> _Work required_
Exact copies of the lines below, from the one with "[서울=뉴스핌]구윤철 부총리 겸" up to and including the one with "investor stop loss", are what this calls for; leave out pictures.

-------- Dataset excerpts --------

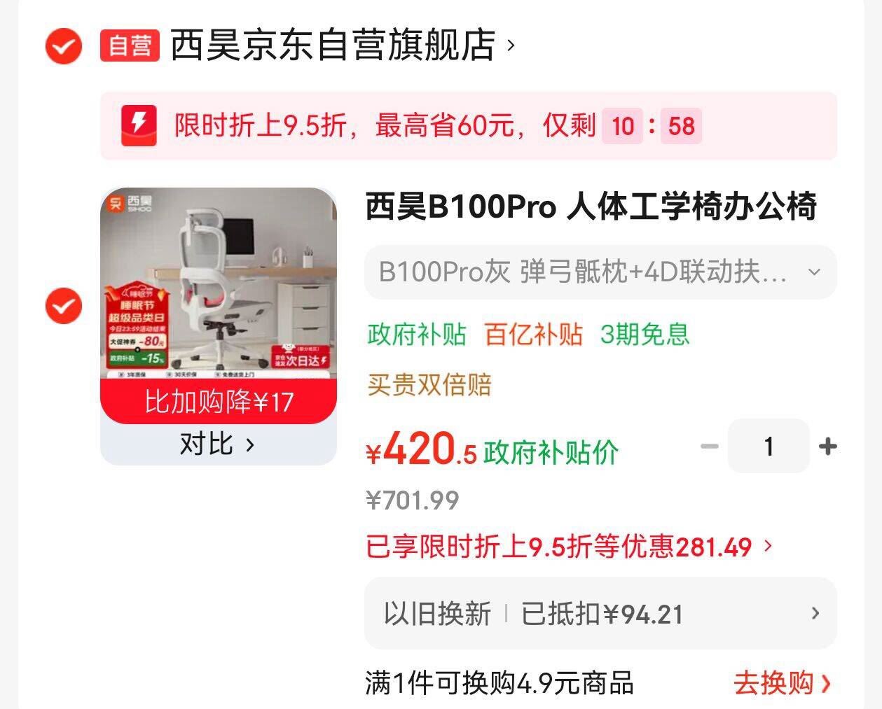 西昊B100pro 人体工学椅 2Plus超补券
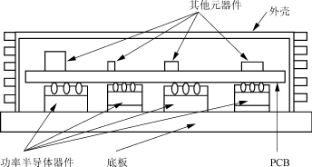 图1 电路框图 考虑到输出独立保护的要求,本电源采用了两路独立的电路结构,24V输出功率较大采用Forward,5V输出功率较小采用Flyback。 下面就电路中一些特殊的设计做一些介绍。 2 散热器设计 散热方式是电源产品设计中首先需要考虑的部分,因为,它关系着电路设计中元器件的选取,PCB的设计等一系列问题。通常的电源产品都采用风扇冷却,这样可以达到比较好的散热效果。 本文提到的军用车载电源,由于长期工作在震动和冲击的环境下,采用风扇冷却会影响电源系统的可靠性,因此,采用自然冷却的散热结构。整个装置的散热器结构安排如图2所示。功率半导体器件放在PCB板的背面并紧贴底板,直接通过底板散热,底板采用厚铝材料,整个装置安装在大铁板上(装甲车)。装置的两侧用带翼的散热片,兼起支撑作用。这样整个散热器的安排不但能达到比较好的散热效果,还可以充分利用PCB板的空间,一定程度上减少了整个装置的体积。
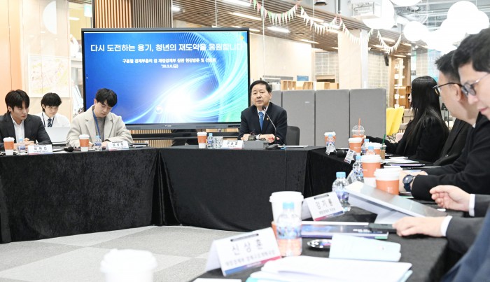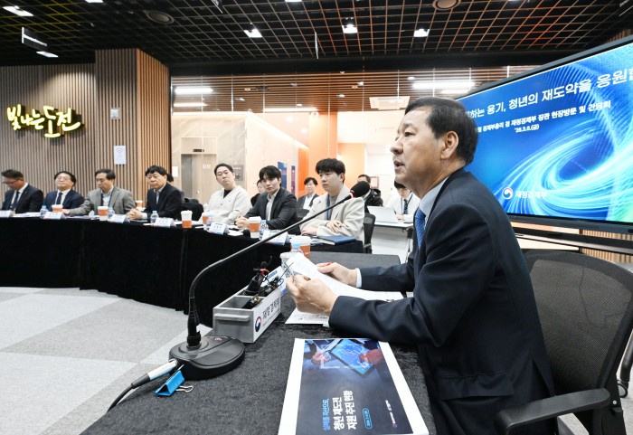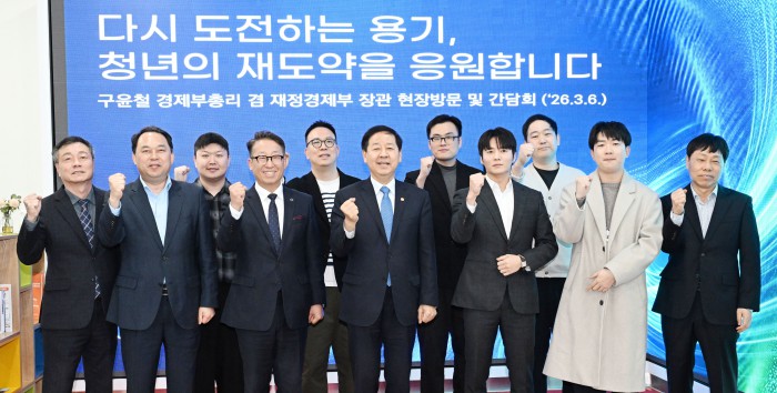 [서울=뉴스핌]구윤철 부총리 겸 재정경제부 장관이 6일 청년 재도전 창업 관련 현장방문으로 대전스타트업파크를 방문,관계기관, 전문가 및 창업자들과 간담회를 주재하고 있다.[사진=재정경제부] 2026.03.06 photo@newspim.com
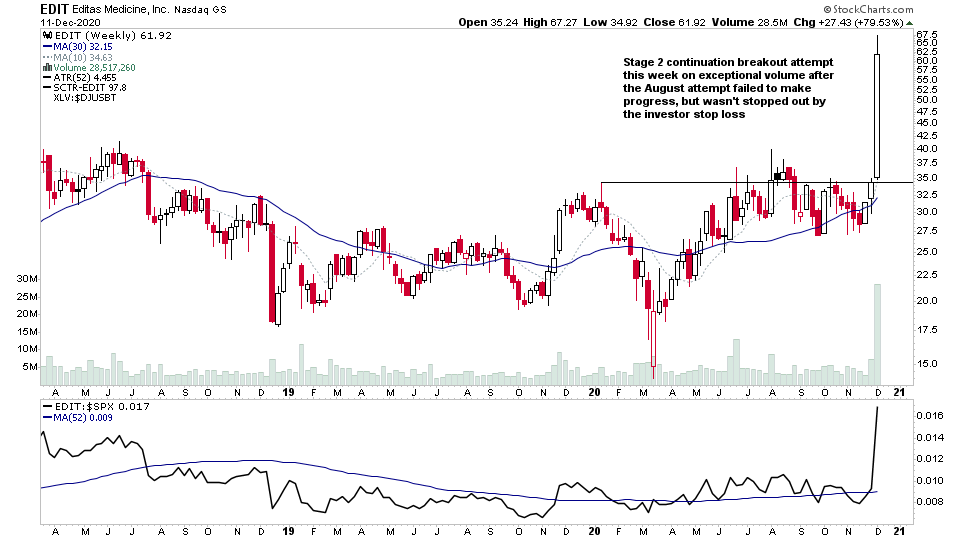 $EDIT Stage 2 continuation breakout attempt this week on exceptional volume after the August attempt failed to make progress, but wasn't stopped out by the investor stop loss
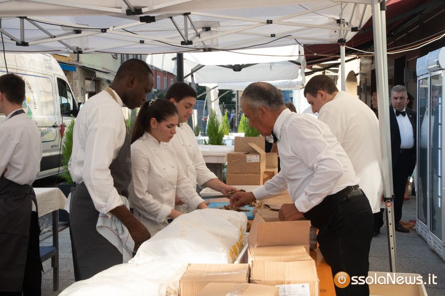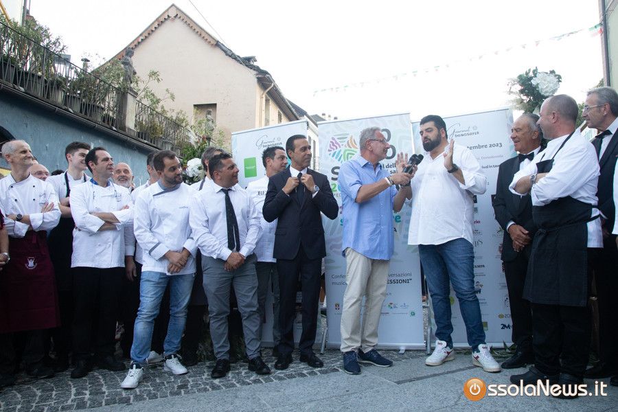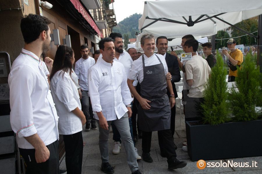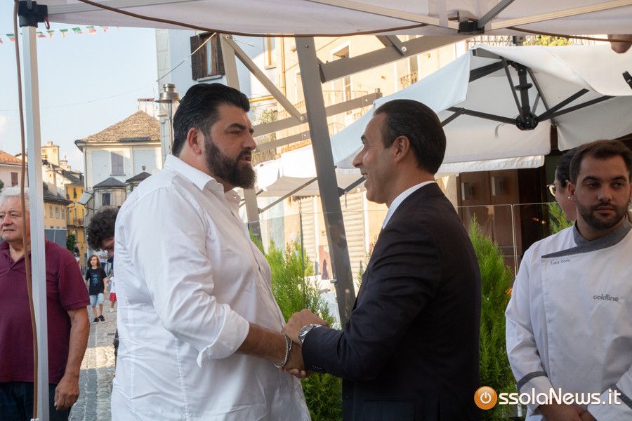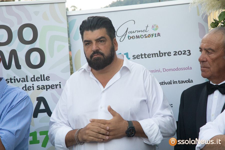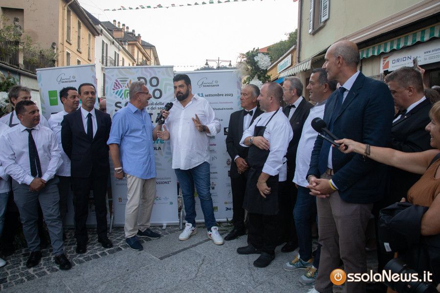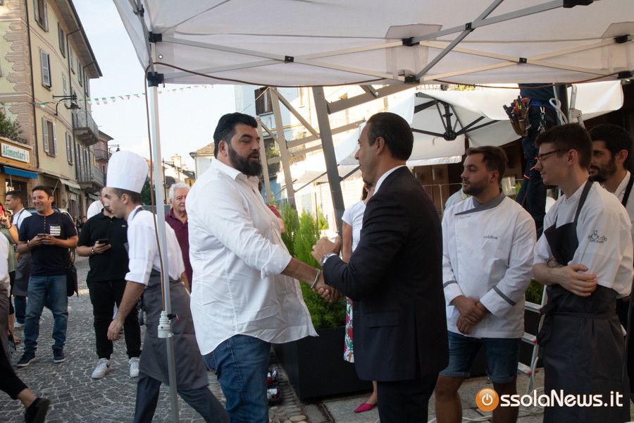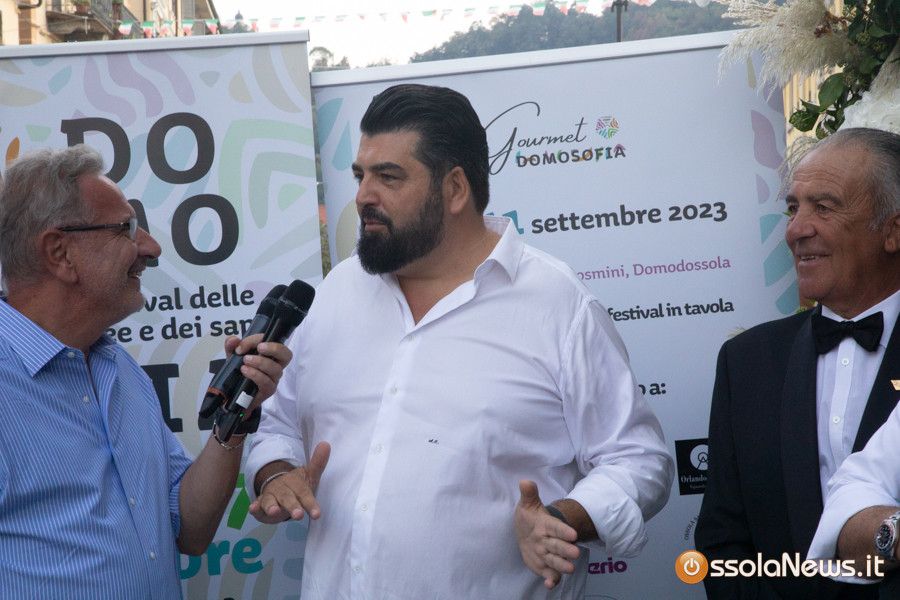 Tantissima gente all’apertura di Domosofia questa sera in centro a Domodossola. La cena stellata di via Rosmini ha avuto un ‘antipasto’ fatto di selfie per i tanti che hanno voluto vedere da vicino Antonino Cannavacciuolo, che ha preparato il piatto di apertura della cena benefica, organizzata per raccogliere fondi per il progetto degli appartamenti di edilizia sociale della Parrocchia.
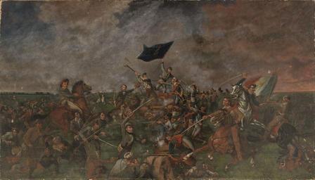 | Keywords: The Battle of San Jacinto (1901).jpg  Artwork Creator Henry Arthur McArdle Artistic interpretation of the Battle of San Jacinto Caption COURTESY OF HERITAGE AUCTIONS The Battle of San Jacinto created in 1901 by H A McArdle of San Antonio is a smaller version of the mural he painted in the Texas Capitol 1901 Oil on canvas cm 121 9 213 4 object history H A McArdle;<br/>By descent to Marie McArdle;<br/>By descent to George Bland;<br/>By descent to Elisabeth Bland 1 http //media star-telegram com/smedia/2010/03/27/23/0328_bud_bulldog ART_GUU12A50M 1+San_Jacinto_painting standalone prod_affiliate 58 jpg image and http //www star-telegram com/2010/03/27/2071797/long-lost-texas-artwork-is-discovered html news article Bud Kennedy Long-lost Texas artwork is discovered Fort Worth Star-Telegram 2010-03-27<br/>2 http //fineart ha com/itm/fine-art-painting/henry-arthur-harry-mcardle-american-1836-1908-the-battle-of-san-jacinto-1901-oil-on-canvas/a/5050-76013 s Heritage Auctions Nov 20 2010 lot 76013 Other versions PD-old-100 Henry Arthur McArdle Battle of San Jacinto 1901 paintings McArdle Paintings of battles 1836 Images from Heritage Auctions Paintings of Texas |
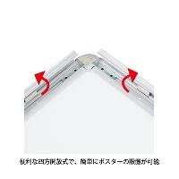 ・便利な四方開閉式。パカッと4方のフレームをオープンするだけで、簡単に素早くポスターのセットが可能。
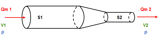 Une des lois fondamentales de la mécanique des fluides est la loi de conservation du débit massique (*) Elle exprime le fait que la masse (M) de fluide entrant dans un système pendant un temps T est égale à la masse sortant de ce système pendant ce même temps T. En d’autres termes, il n’y a pas de « stockage » ou « perte de masse » dans le système.
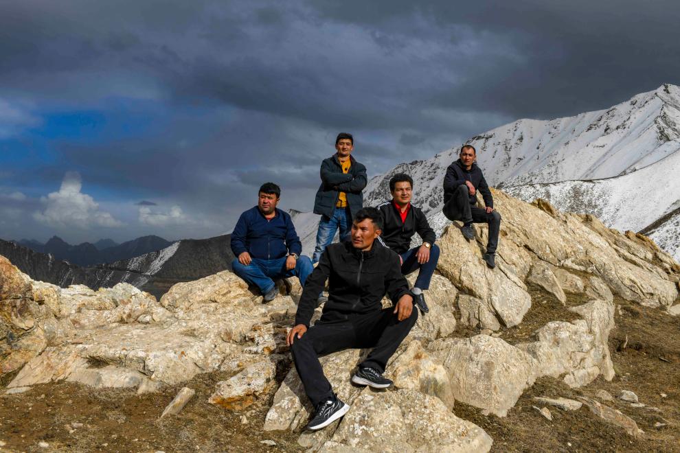 翻越雪山達坂后,參與新疆全民免費體檢服務(wù)的部分西合休鄉(xiāng)衛(wèi)生院醫(yī)護人員在山中休息時合影(2020年5月2日攝)。

--------

> _Problem solution_
 [서울=뉴스핌]구윤철 부총리 겸 재정경제부 장관이 6일 청년 재도전 창업 관련 현장방문으로 대전스타트업파크를 방문,관계기관, 전문가 및 창업자들과 간담회를 주재하고 있다.[사진=재정경제부] 2026.03.06 photo@newspim.com
 $EDIT Stage 2 continuation breakout attempt this week on exceptional volume after the August attempt failed to make progress, but wasn't stopped out by the investor stop loss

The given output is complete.